Deutschland braucht Blogger. Ob sie privat ihre Blogs führen, ein eigenes Medium mit speziellen Themen und Fachwissen betreiben oder als Corporate Blogger ihr Geld verdienen – viele Wege führen nach Rom. Eine illustre Rundlese zum Thema Corporate Blogs findet sich einerseits in einem Gastbeitrag von Gründerszene sowie im IT-Business-Blog von ZdNet. Grundsätzlich sollte zu den Aussagen beider Artikel erwähnt werden, dass eines immer wieder zählt: Die Kommunikationsstrategie.

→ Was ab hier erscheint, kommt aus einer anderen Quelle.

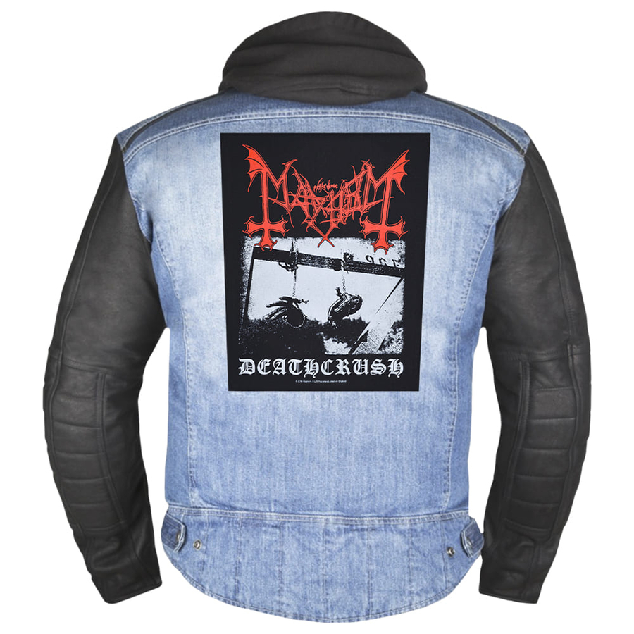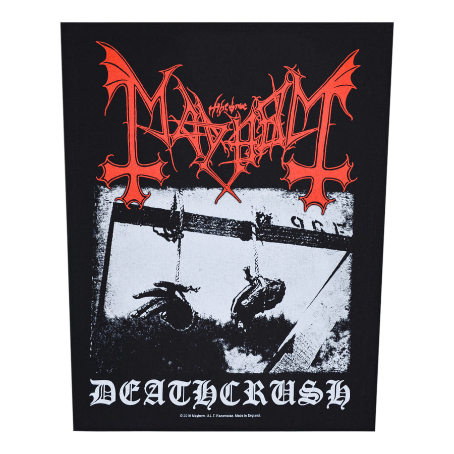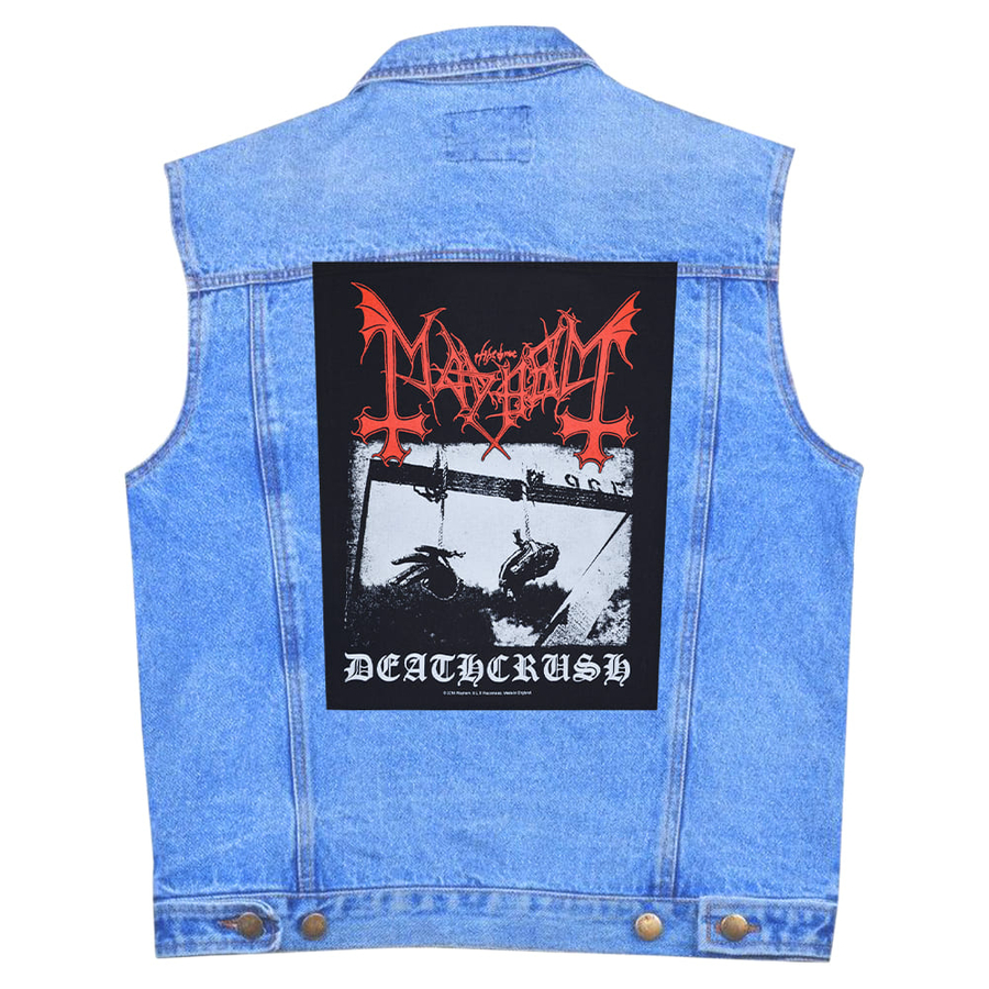 Нашивка наспинная катаная Mayhem "Deathcrush" (olbp-006) Высота 35.5 см, ширина по верхнему краю 29.5 см, ширина по нижнему краю 26 см. Данный товар является официальным лицензированным мерчем (Officially Licensed Backpath). Наспинная нашивка высокого премиум качества. Края нашивки обработаны оверлоком благодаря чему изделие выглядит максимально аккуратным. Изображение нанесено методом шелкотрафаретной печати, высокая детализация свидетельствует о непревзойденном качестве изделия. Нашивка пришивная, мягкая, будет идеально повторять изгибы на одежде. Состав ткани : хлопок/полиэстер. Сделано в Великобритании

Ein Corporate Blog ist seitens der Technik und Funktionalität recht einfach zu bedienen. Es wird entweder von einem Mitarbeiter oder einer kleinen „Angestellten-Horde“ verfasst. Meist stammen diese aus dem Marketing Bereich oder aus der PR Abteilungen der Unternehmen, zumal das Ziel eines Blogs in der Regel die Kommunikation über das Unternehmen darstellt. Oder es sind wiederum die Unternehmer und führenden Manager, die sich persönlich im Corporate Blog (und nicht im CEO-Blog) zu Wort melden. Freigeister haben es in der Regel schwer im Corporate Blog auch Fuß zu fassen, sobald das Unternehmen bereits durch eine gewisse Kommunikationskultur geprägt ist. Die Kostenfrage kommt spätestens dann ins Spiel, wenn man sich nach Mitarbeitern umschaut, die das Corporate Blog betreuen. Es darf nicht übersehen werden, dass Blogs regelmäßiger Pflege bedürfen. Damit sind die entstehenden Personalkosten verhältnismäßig hoch zu der eigentlichen Bedeutung der erreichbaren Zielgruppen der Corporate Blogs. Wird extra jemand eingestellt oder betreut das Blog ein entsprechender Bereich des Unternehmens in Absprache oder Eigenregie?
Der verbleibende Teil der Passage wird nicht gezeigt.